The comparison with Steam is inevitable - and crucially, necessary. There’s a significant number of features players expect and use daily on Steam that do not exist on Battle.net.
A global friends list is one thing, but what about ease of access to game forums, user reviews, and even simple things like an achievement hub or the community pages around games? What about the news hub, which lets you specifically read about patches for a particular game?
Right now, It’ll take me maybe ten seconds to find out what changes the most recent patch did to Call of Duty: WW2, and I can just as easily check through the comments if it broke something. In fact, many developers use Steam to deliver messages like that directly to a game’s community, and it saves players the time of having to scour god knows how many social media accounts to check the status of an update or see whether a developer is aware of a certain issue.

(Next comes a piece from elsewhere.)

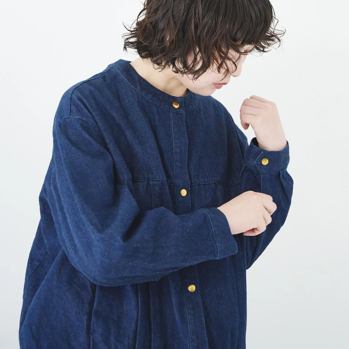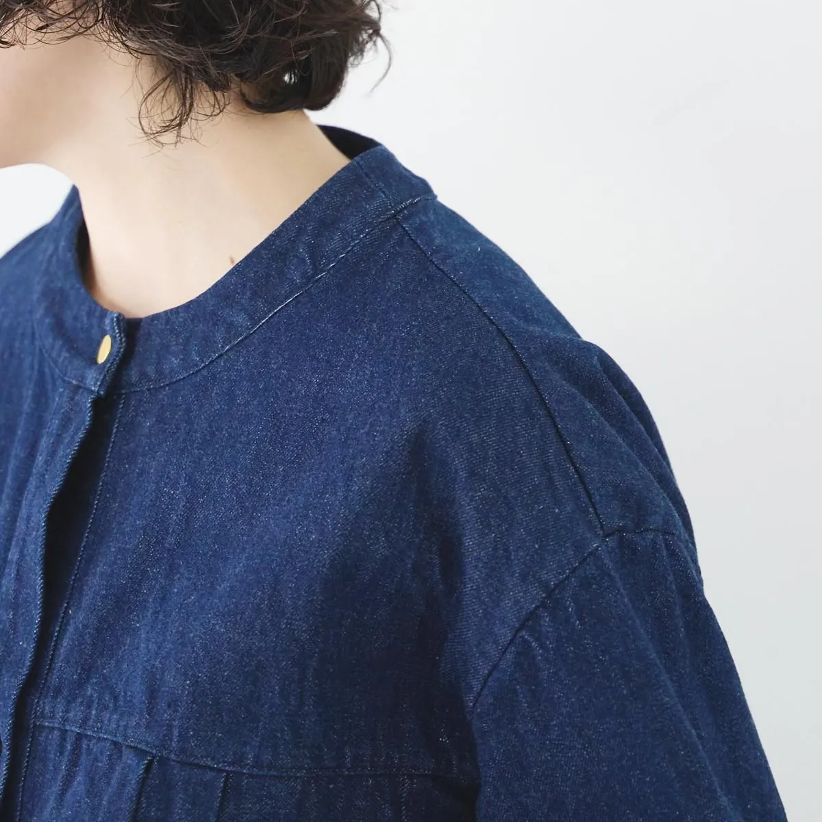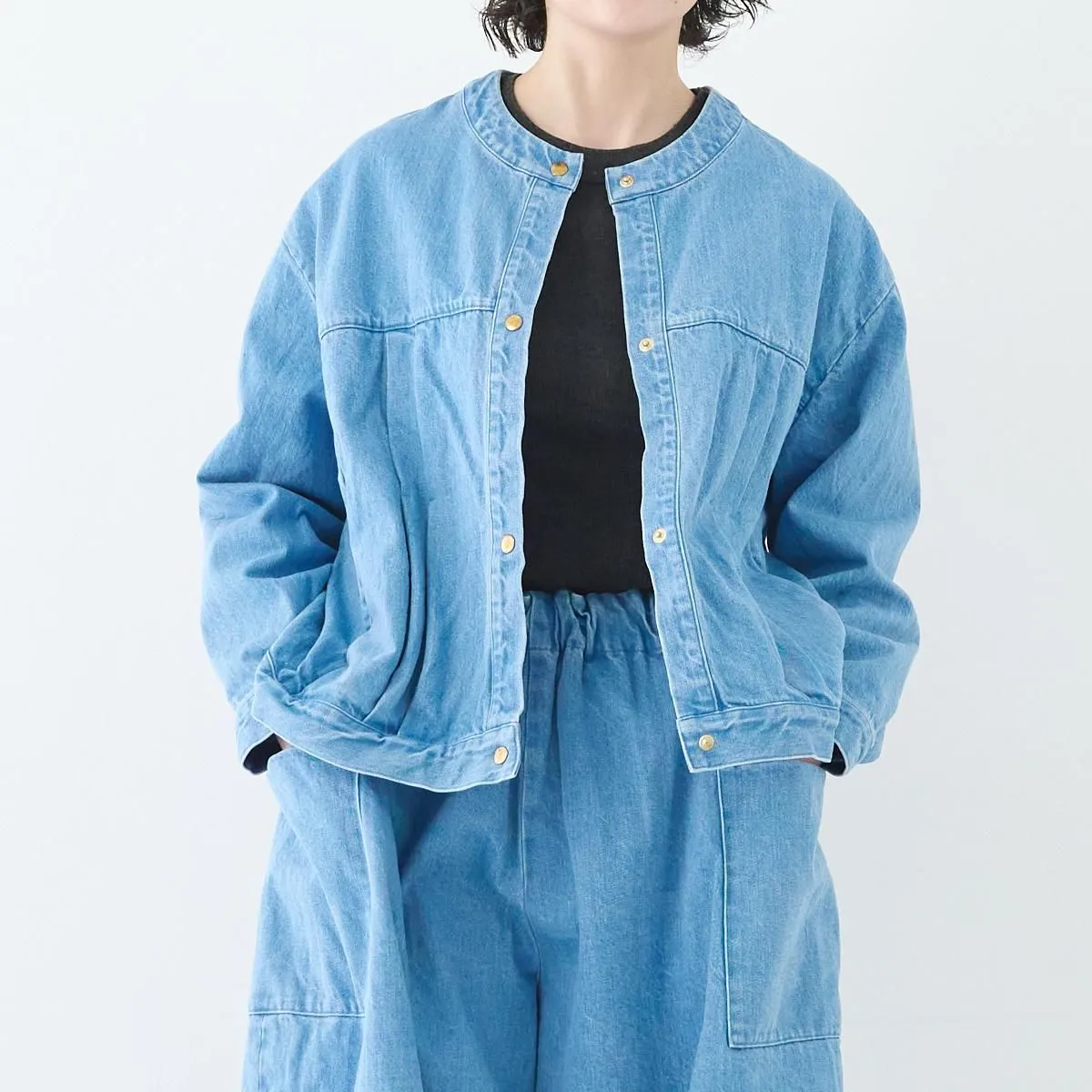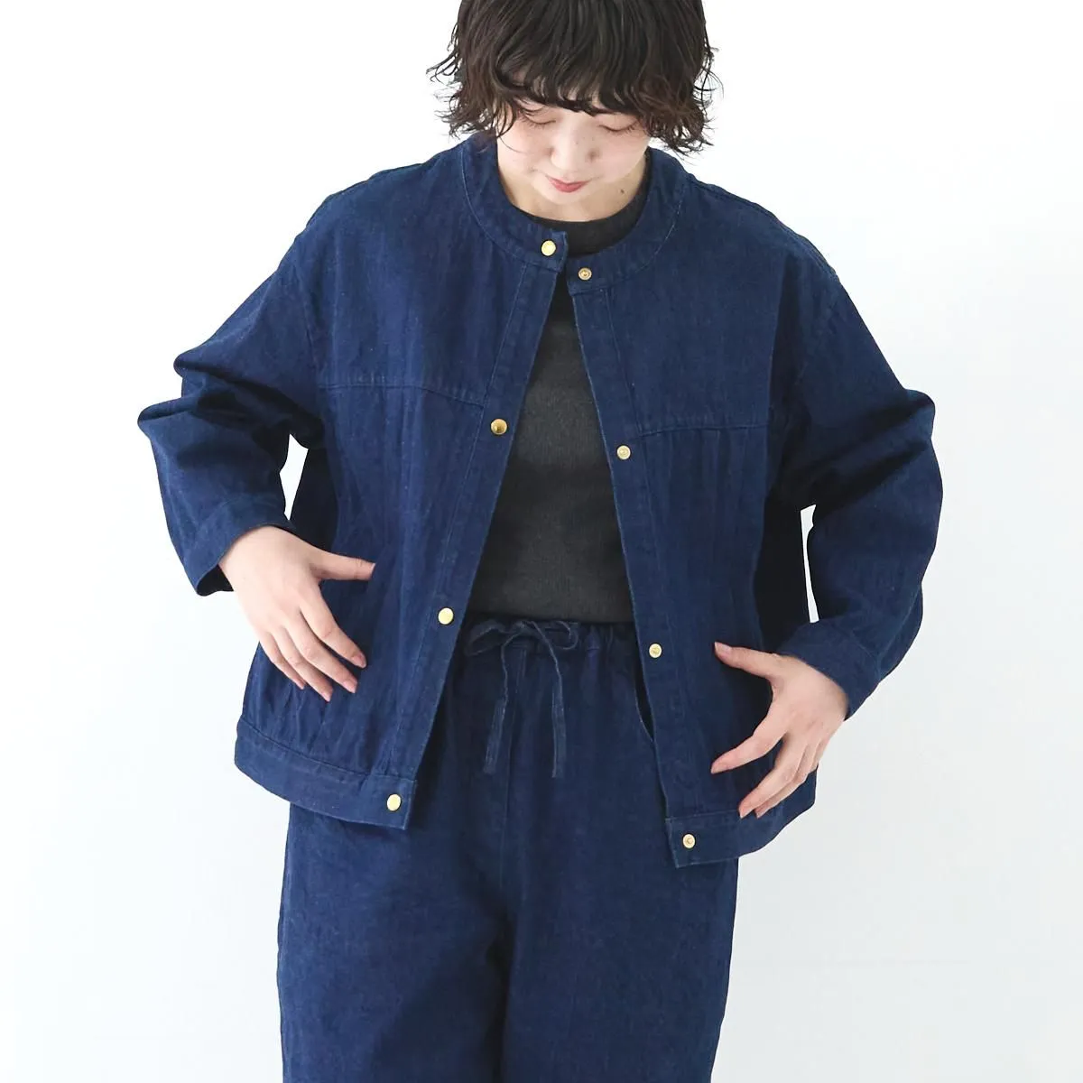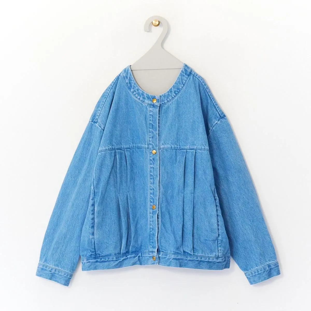 アトリエ・ダンタンのコットンデニムシリーズより、ノーカラーのジャケット「Andre /アンドレ」が登場しました。 ふっくら手触りがよく、程よい厚みを持ちながらも、きしみのない柔らかな素材感が特徴です。フロントはヴィンテージデニムのようなプリーツが施され、ゴールドのスナップボタンで上品な印象に。フェミニンなアイテムとも相性がよく幅広いスタイリングにお使いいただけます。 ドロップショルダーと広めの身幅のゆとりのある着用感で、袖を通すと丸みのあるボックスシルエットが現れます。ミドル丈なのでボトムスとのバランスもとりやすく、同素材のデニムパンツとセットアップで着用するのもおすすめです。 ブリーチ加工を施した爽やかな印象のライトインディゴと、ワンウォッシュ加工の経年変化を楽しめるダークインディゴの2色からお選びいただけます。 size:F 着丈57cm/肩幅51cm/身幅60cm/袖丈50cm color:ライトインディゴ・ダークインディゴ ※商品には若干の個体差があるため、採寸には誤差がございます。 ※水に濡れた状態などで擦れると色移りする恐れがありますので、取り扱いにご注意ください。※単独洗いをおすすめします。 material:cotton100% model:160cm お取り扱い店舗・・・dieci kyutaro店2F -------------------------------------------------------- Atelier d'antan|アトリエ ダンタン フランス語で『古き良き、往年の麻』を意味するブランドAtelier d'antan(アトリエ・ダンタン)時を経ても変わることの無い上質な素材というテーマを中心に、年齢や体型にとらわれない、どんな人も自分らしいお洒落を楽しんで欲しいという思いが込められたお洋服をつくられています。

All of these features disappear with the move to Battle.net. That’s just Steam's benefits around the game’s periphery, there are far more worrying implications to this move.
For one thing, Battle.net doesn’t expose player numbers. PC players use Steam’s concurrent player data as a tool to determine whether it’s worth buying multiplayer games on PC.
The market for multiplayer shooters on PC is always changing, we’ve seen many shooters that should have at least had a moderate success fail, and ones that were always guaranteed to be nothing more than modest make it big.
$60 games that release annually and demand even more money for DLC and microtransactions do incredibly poorly on PC. That’s just the way it is. The last time Call of Duty mattered on PC was during the era of the original Modern Warfare.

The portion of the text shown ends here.